- [Task item] Only an exact repetition is needed: the lines from the start of the listing below through the line that contains "European Linen Blend", pictures omitted.

- [Information provided]

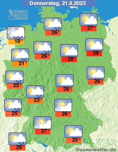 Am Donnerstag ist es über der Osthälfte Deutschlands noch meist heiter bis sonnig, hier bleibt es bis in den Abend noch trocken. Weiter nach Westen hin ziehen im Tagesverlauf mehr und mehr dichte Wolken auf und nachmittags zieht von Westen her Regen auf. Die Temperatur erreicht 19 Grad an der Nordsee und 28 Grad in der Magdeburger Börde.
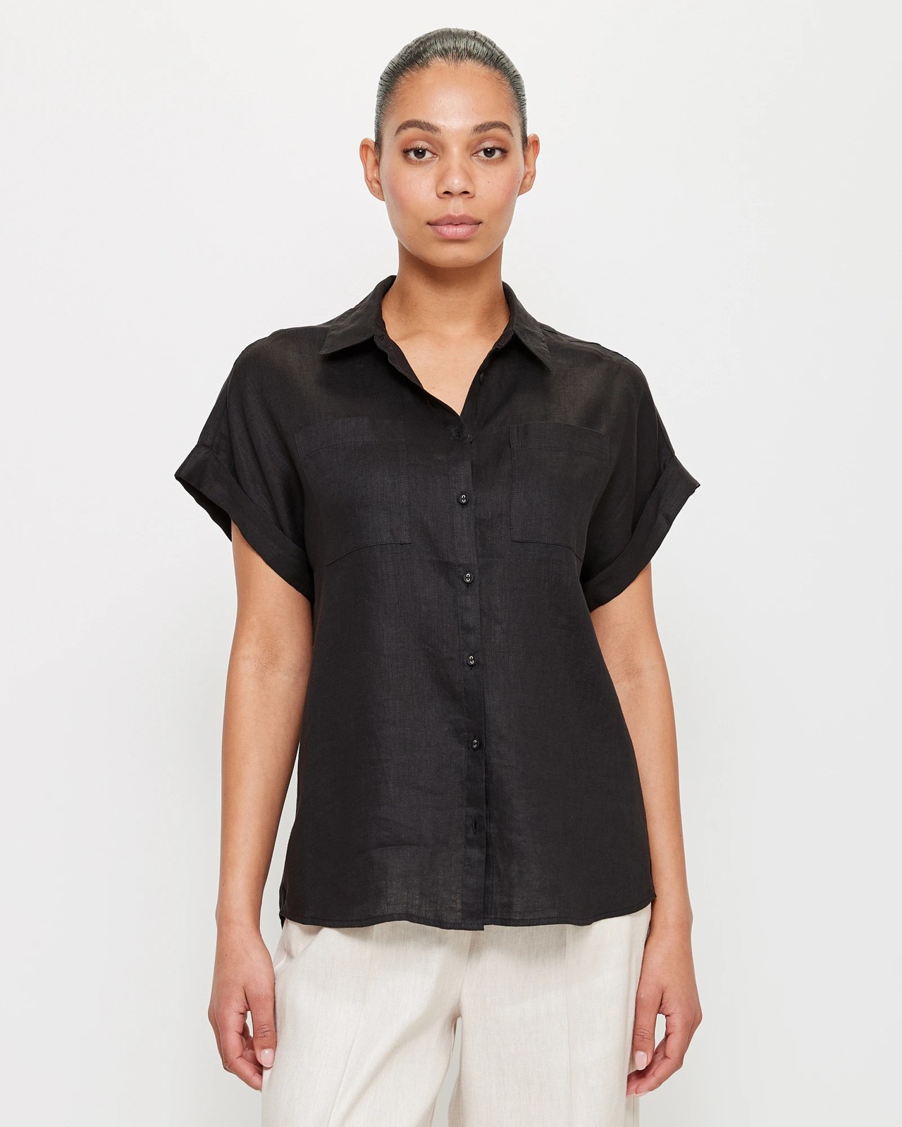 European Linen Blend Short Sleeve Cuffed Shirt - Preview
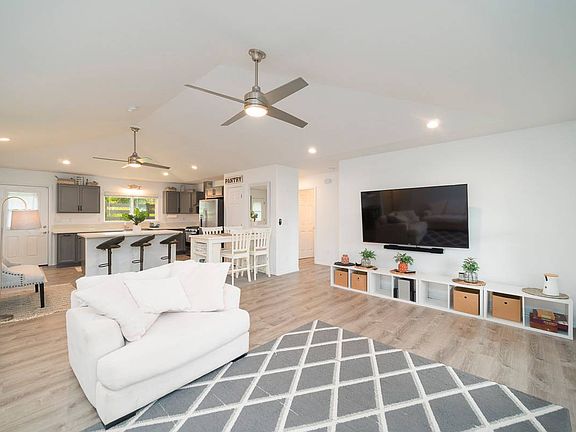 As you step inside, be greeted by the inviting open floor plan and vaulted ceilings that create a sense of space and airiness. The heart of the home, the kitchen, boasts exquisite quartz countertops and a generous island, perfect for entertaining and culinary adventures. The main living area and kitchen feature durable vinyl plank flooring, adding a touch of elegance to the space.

- [Task response]
 Am Donnerstag ist es über der Osthälfte Deutschlands noch meist heiter bis sonnig, hier bleibt es bis in den Abend noch trocken. Weiter nach Westen hin ziehen im Tagesverlauf mehr und mehr dichte Wolken auf und nachmittags zieht von Westen her Regen auf. Die Temperatur erreicht 19 Grad an der Nordsee und 28 Grad in der Magdeburger Börde.
 European Linen Blend Short Sleeve Cuffed Shirt - Preview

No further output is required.